En el marco de medidas para descomprimir la superpoblación carcelaria bonaerense, el Gobierno de la provincia de Buenos Aires dio inicio a un nuevo plan de obras que incluirá la construcción de cinco nuevas unidades y quince alcaidías en todo el conurbano. El gobernador encabezó este miércoles el acto de inicio de lo que conforma el Plan de Infraestructura Penitenciaria 2022-2023.

«Entre tanta crisis que había cuando asumimos, una de las más graves y quizás la menos conocida ni discutida, ni la que estaba en los diarios, era la crisis del sistema penitenciario de la provincia de Buenos Aires. Esa crisis era una crisis humanitaria, declarada de esa manera por las Naciones Unidas. Teníamos la superpoblación más grande de la historiad de la provincia», señaló Kicillof desde el acto de lanzamiento de las obras que tuvo lugar en la ciudad de Merlo, distrito donde se realizarán dos unidades penitenciarias nuevas.

Cabe recordar que el hacinamiento de la población privada de su libertad fue uno de los grandes problemas que enfrentó la actual gestión bonaerense y que tomó mayor foco durante la emergencia sanitaria de 2020 por la primera ola de covid. A partir de allí, se pusieron en marcha las primeras obras de ampliación de plazas en diferentes establecimientos penitenciarios, que hoy llegan a 2.000 nuevos espacios.

«Teníamos 24.000 plazas penitenciarias y 52.000 internos en condiciones infrahumanas. La gente que va presa va para poder después reinsertarse en la sociedad, y para poder reinsertarse en la sociedad no se puede vivir en un chiquero en condiciones animales. Es la realidad que nos encontramos cuando llegamos», expresó el mandatario bonaerense. De la actividad participaron también el ministro del Interior de la Nación, Eduardo «Wado» De Pedro; su par de Obras Públicas, Gabriel Katopodis; y el titular de Justicia y Derechos Humanos bonaerense, Julio Alak.

Además de las dos unidades que se lanzaron en Merlo, se dio el puntapié también para cinco alcaidías en Berazategui, Almirante Brown, Lomas, Merlo y Escobar, que contarán con financiamiento provincial. Asimismo, se selló un convenio con el Ministerio de Obras Públicas de la Nación para la transferencia de fondos para la construcción de tres unidades en Moreno, Mercedes y Florencio Varela y diez alcaidías en Moreno, Tres de Febrero, Tigre, La Plata, Hurlingham, Morón, La Matanza, Ezeiza, Lanús y Quilmes.

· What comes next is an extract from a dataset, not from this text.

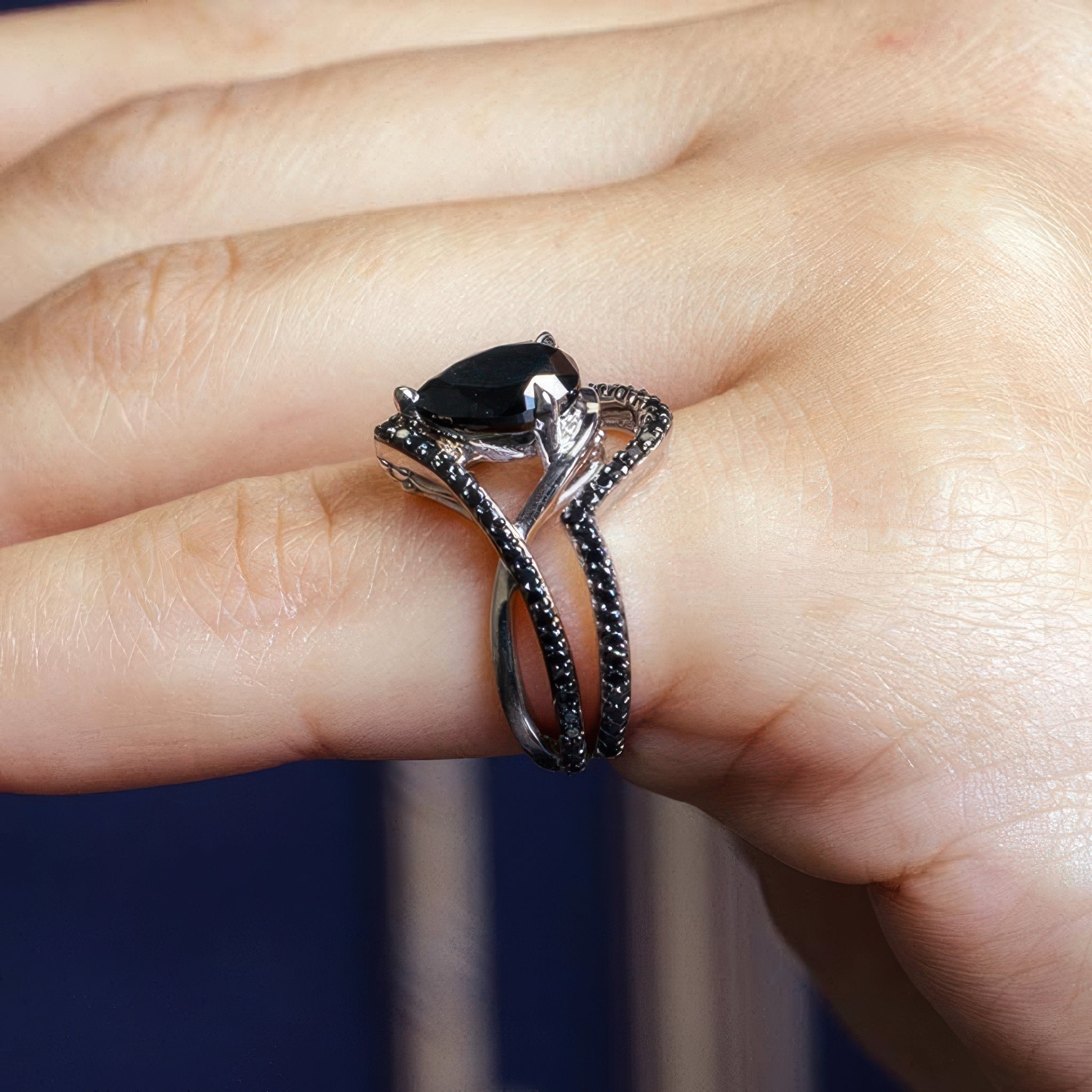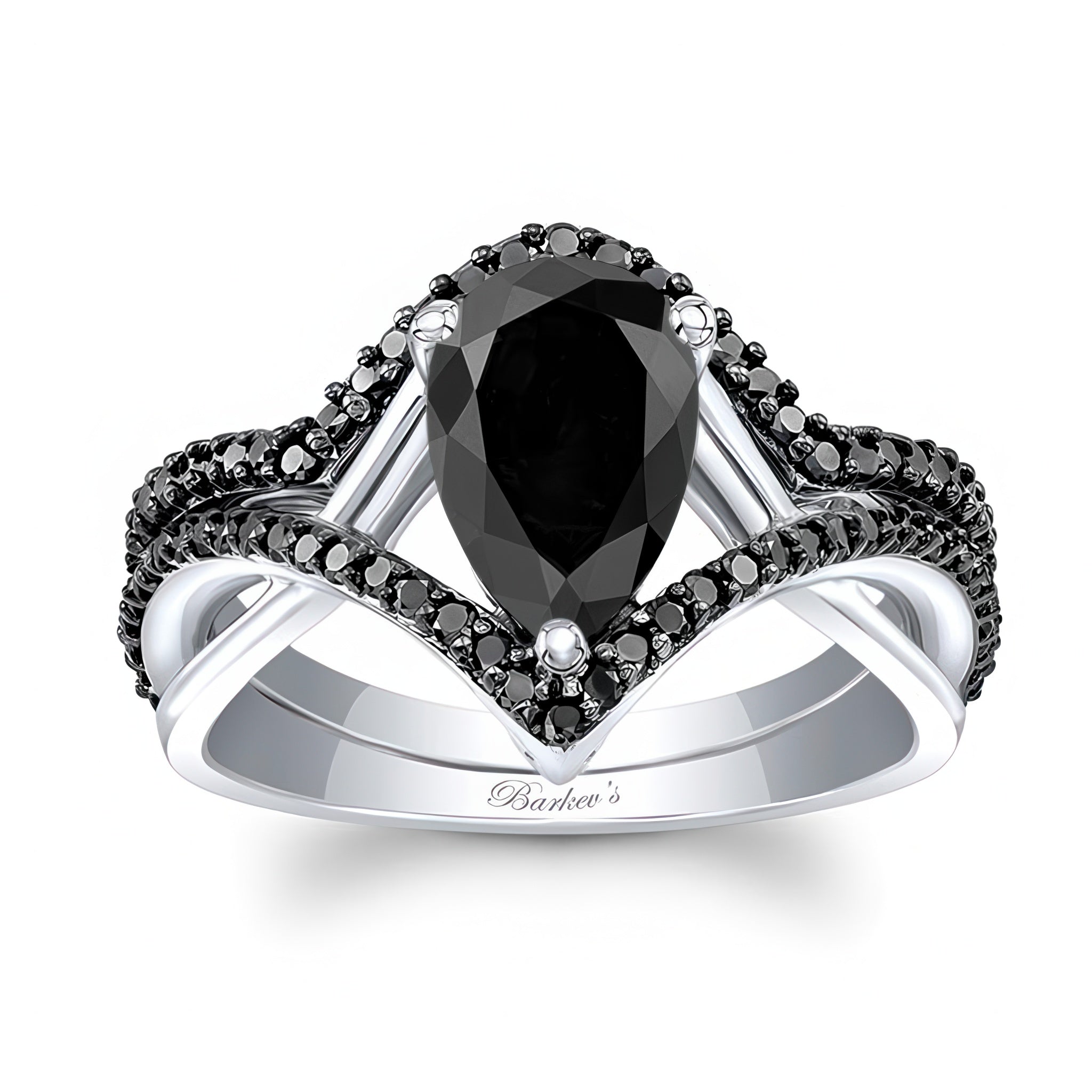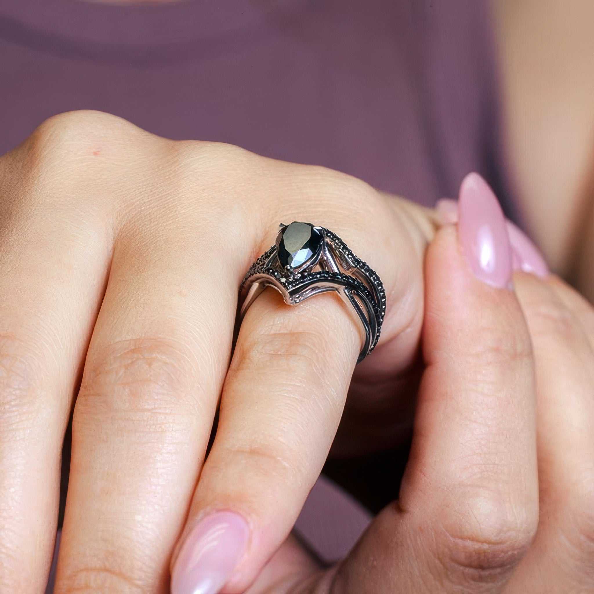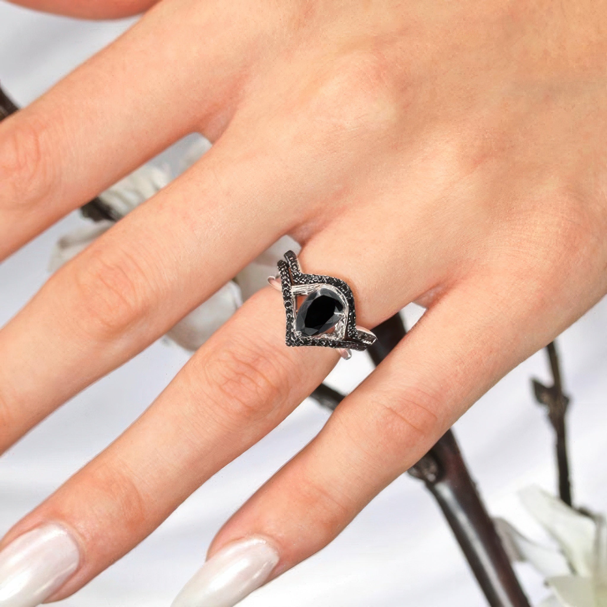 Dare to stand out with the Unique Pear Shaped Black Diamond Wedding Set, where edgy elegance meets timeless craftsmanship. The striking pear-shaped black diamond center captivates with its mysterious allure, set on a twisting band that blends modern design with classic romance.

«Esta crisis tenía una larga historia. El Gobierno anterior había ampliado en 1.100 plazas el sistema, hay que decirlo. Pero la cuestión era cómo solucionar de fondo y de raíz el problema del sistema penitenciario de la provincia. Las soluciones de problemas estructurales y profundos no se consiguen en un día», agregó el gobernador de la provincia.

«En cuatro años, el Gobierno anterior construyó 1.100 plazas nuevas. En dos años con pandemia este gobierno construyó el doble, 2.200 plazas penitenciarias. Y en los próximos dos años nos proponemos terminar las 12.000 plazas de las que hablamos desde el primer día. Vamos a hacer una verdadera transformación. El sistema penitenciario bonaerense va a dejar de ser una tortura para convertirse en un camino de reinserción social de aquellos que les toca ir presos», concluyó Kicillof.